Fans of Margaret Atwood were glued to the television sets last spring as her novel The Handmaid’s Tale came to life from her famous book. Now, in a few weeks, the Canadian Broadcasting Corporation will be airing another series based on one of her works, so it is only fitting that one should read (or re-read) Alias Grace with equal zeal.
Sometimes when I dusting the mirror with the grapes I look at myself in it, although I know it is vanity. In the afternoon light of the parlour my skin is a pale mauve, like a faded bruise, and my teeth are greenish. I think of all the things written about me – that I am an inhuman female demon, that I am an innocent victim of a blackguard forced against my will and in danger of my own life, that I was too ignorant to know how to act and that to hang me would be judicial murder, that I am fond of animals, that I am very handsome with a brilliant complexion, that I have blue eyes, that I have green eyes, that I have auburn and also brown hair, that I am tall and also not above the average height, that I am well and decently dressed, that I robbed a dead woman to appear so, that I am brisk and smart about my work, that I am of a sullen disposition with a quarrelsome temper, that I have the appearance of a person rather above my humble station, that I am a good girl with a pliable nature and no harm is told of me, that I am cunning and devious, that I am soft in the head and little better than an idiot. And I wonder, how can I be all of these different things at once?

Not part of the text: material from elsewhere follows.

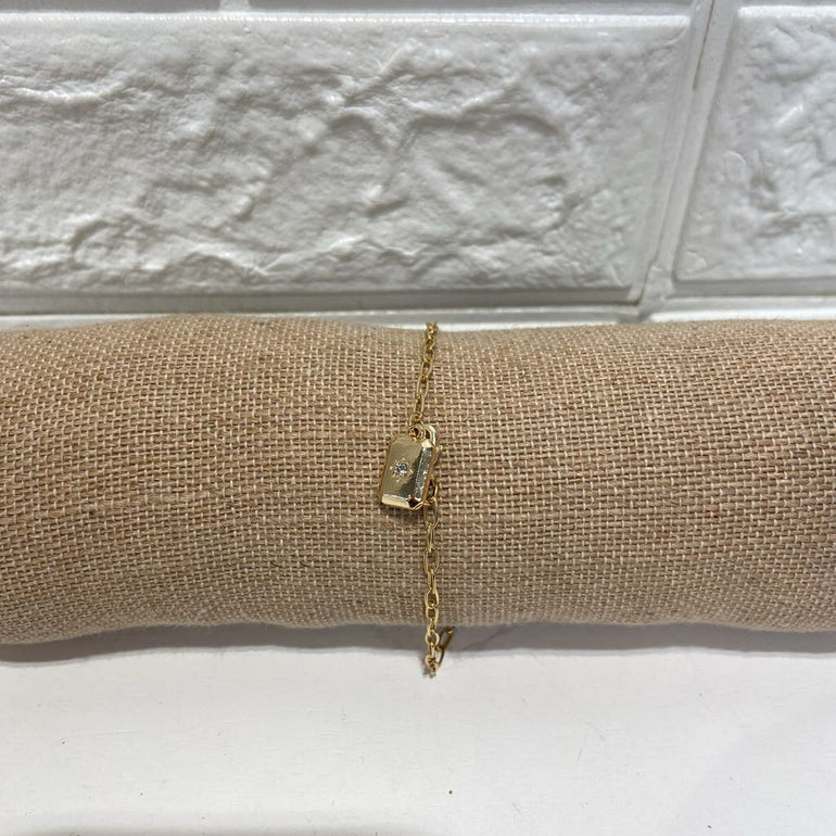 Gold Chain Anklet: Rectangle Rhinestone Star Charm

Atwood gave us readers a vivid lesson to ponder over when she pulled the story of Grace Marks from the dusty history books and created this brilliant piece of literature. Marks had been imprisoned in the 19th Century for the murder of her employer and his housekeeper/mistress. While the public at the time is looking at her with either pity or enraged at her actions, a Dr. Simon Jordan comes up to examine her and her mental state. It is their interactions that Atwood brilliantly moves the plot of the book through and gives us vivid descriptions to reflect and ponder over.
I did not cry. I felt as if it was me and not my mother that had died; and I sat if paralysed, and did not know what to do next. But Mrs. Phelan said we could not leave her lying there, and I did have a white sheet for her to be buried in. And then I began to worry terribly, because all we had was the three sheets. There were two old ones that had been worn through and then cut in tow and turned, and also the one sheet given to us by Aunt Pauline; and I did not know which to use. It seemed like disrespect to use an old one, but if I used the new one it would go to waste as far as the living were concerned: and all my grief became concentrated, so to speak, on the matter of the sheets. And finally I asked myself what my mother would prefer, and since she’d always placed herself second best in life, I decided on the old one; and at least it was more or less clean.
The Captain having been notified, two sailors came to carry my mother up onto the deck; and Mrs. Phelan cam up with me, and we arranged her, with her eyes closed and her pretty hair down, because, Mrs. Phelan said a body should not be buried with the hair knotted. I left her in the same clothes she had on, except for the shoes. I kept back the shoes, and her shawl as well, which she would have no need of. She looked pale and delicate, like a spring flower, and the children stood around crying; and I had each one of them kiss her on the forehead, which I wouldn’t have done if I thought she’d died of anything catching. And one of the sailors, who was an expert at such things, tucked the sheet around her very neatly, and sewed it up tight, with a length of old iron chain at the feet, to make her sink. I had forgotten to cut off a lock of her hair to keep, as I should have done; but I was too confused to remember it.
As soon as the sheet was over her face I had the notion that it was not really my mother under there, it was some other woman; or that my mother had changed, and if I was to take away the sheet now, she would be someone else entirely. It must have been the shock of it that put such things into my head.
This story is enlightening and Atwood – true to her literary form – is vivid and descriptive. Considering the previous works of the people that are involved in bring this book to television (Sarah Polley, Mary Harron, Anna Paquin, Paul Gross) this productions should be a great watch. But book fans and readers should review the book first.
Down the driveway to the left comes Grace herself, walking with her head lowered, flanked by two unsavoury-looking men he supposes to be prison guards. They’re leaning very close to her, as if she’s no murderess, but a precious treasure to be kept safe. He doesn’t like the way they press up against her; but of course their lives would be very difficult if she were to escape. Although he’s always known that she’s taken back every evening and locked into a narrow cell, today it strikes him as incongruous. They’ve been talking together all afternoon as if in a parlour; and now he is free as air and may do whatever he likes, while she must be bolted and barred. Caged in a dreary prison. Deliberately dreary, for if a prison were not dreary, where would be the punishment?
Margaret Atwood certainly gave us reader an enlightening book filled with vivid descriptions with Alias Grace. And the upcoming mini series based on that book should be a enlightening experience to view.